Date and Time: Saturday April 10 at 10:00am EST
Speaker: Victor Piercey (Ferris State University)
Abstract: In the last several years, mathematicians have been thinking about how their work impacts the world around them. In the classroom, social justice connections raise student awareness of the role mathematics plays in complicated social issues and empowers them to identify and help solve social problems. There have been several publications about teaching mathematics for social justice (such as the PRIMUS special issue on Mathematics for Social Justice, a themed collection in the journal Numeracy - part 1 and part 2, and the AMS book Mathematics for Social Justice: Resources for the College Classroom edited by Karaali and Khadjavi with a second volume due Summer 2021), books about the social harms caused by algorithms (such as Cathy O'Neil's Weapons of Math Destruction), and working groups dedicated to ethics in mathematics (such as the Cambridge Ethics in Mathematics Society as well as the Ethical Mathematics Project Catherine Buell and I are getting off the ground).

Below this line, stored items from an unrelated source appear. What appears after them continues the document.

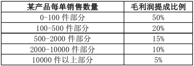 2.產(chǎn)品銷售提成。某產(chǎn)品特性為零售利潤(rùn)率高,但同樣工作量利潤(rùn)總額可能低,公司為拓展零售市場(chǎng),按照超額累退方式設(shè)置提成比例。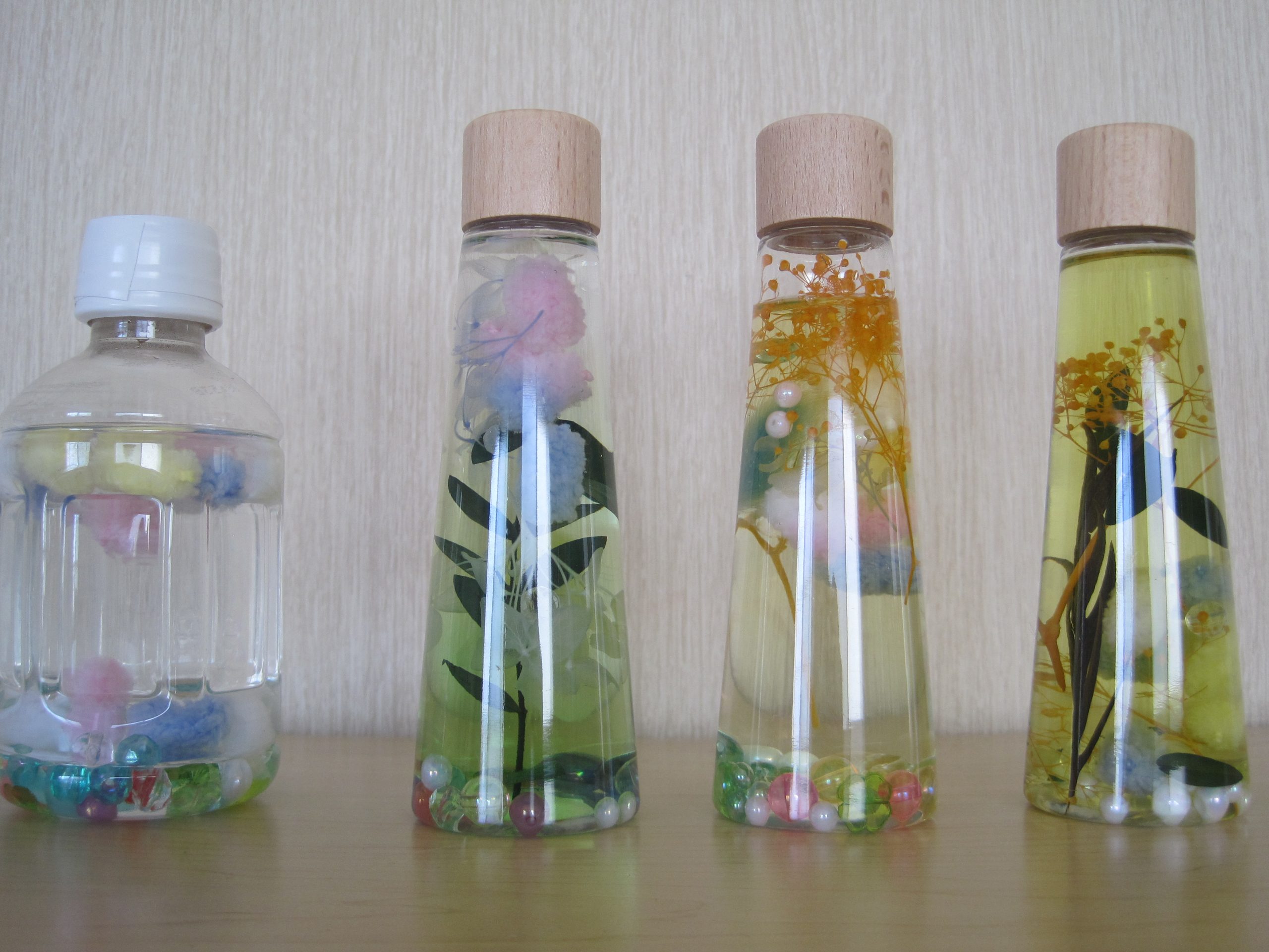 お花やポンポン、様々な形のビーズなど 自分で好きな材料を決めて入れました!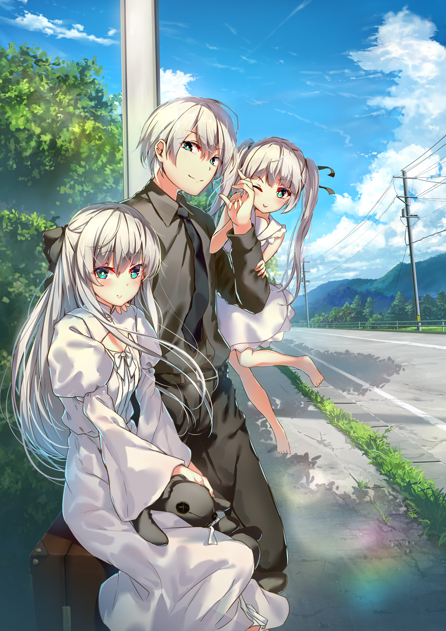 1boy 2girls aqua_eyes black_necktie black_pants black_shirt blue_eyes blue_sky brother_and_sister bush child closed_mouth cloud collared_shirt commentary day dress dress_shirt english_commentary family father_and_child father_and_daughter floating_hair grass grey_hair hair_ribbon highres if_they_mated kasugano_haruka kasugano_sora lens_flare long_hair long_sleeves looking_at_viewer mother_and_child mother_and_daughter multiple_girls necktie one_eye_closed outdoors pants parent_and_child power_lines railing ribbon road shirt siblings sitting sky sleeveless sleeveless_dress smile standing stuffed_animal stuffed_rabbit stuffed_toy suitcase tree twintails vanishing_point white_dress wide_sleeves wingheart yosuga_no_sora

In this workshop, we will work on integrating social justice activities into mathematics classes. The goal will be to connect problems from standard undergraduate mathematics courses with social justice issues. We will also dedicate some time to handling controversial and complex social issues in a mathematics classroom. During the workshop, participants will outline an activity that they can use in their classes and share with others for feedback.
Speaker bio: Victor Piercey received a Juris Doctor from Columbia Law School in 2000 and Ph.D in mathematics from the University of Arizona in 2012. Since completing his Ph.D, he has been teaching at Ferris State University in Big Rapids, Michigan. His scholarship interests include the intersection of quantitative reasoning with algebraic reasoning, the use of faculty learning communities to increase the scale of innovation, and both the cognitive and affective impact of active pedagogies. His teaching interests include the integration of social justice and ethics with mathematics, the use of inquiry-based learning, interdisciplinary collaboration in course design and in teaching, and the use of role-playing simulations similar to Reacting to the Past. He has served as the chair of two Special Interest Groups in the Mathematical Association of America, one dedicated to Quantitative Literacy and the other dedicated to Inquiry-Based Learning (which he helped establish). He has also chaired the Michigan section of the Mathematical Association of America and serves on the board for the initiative for Mathematics Learning by Inquiry.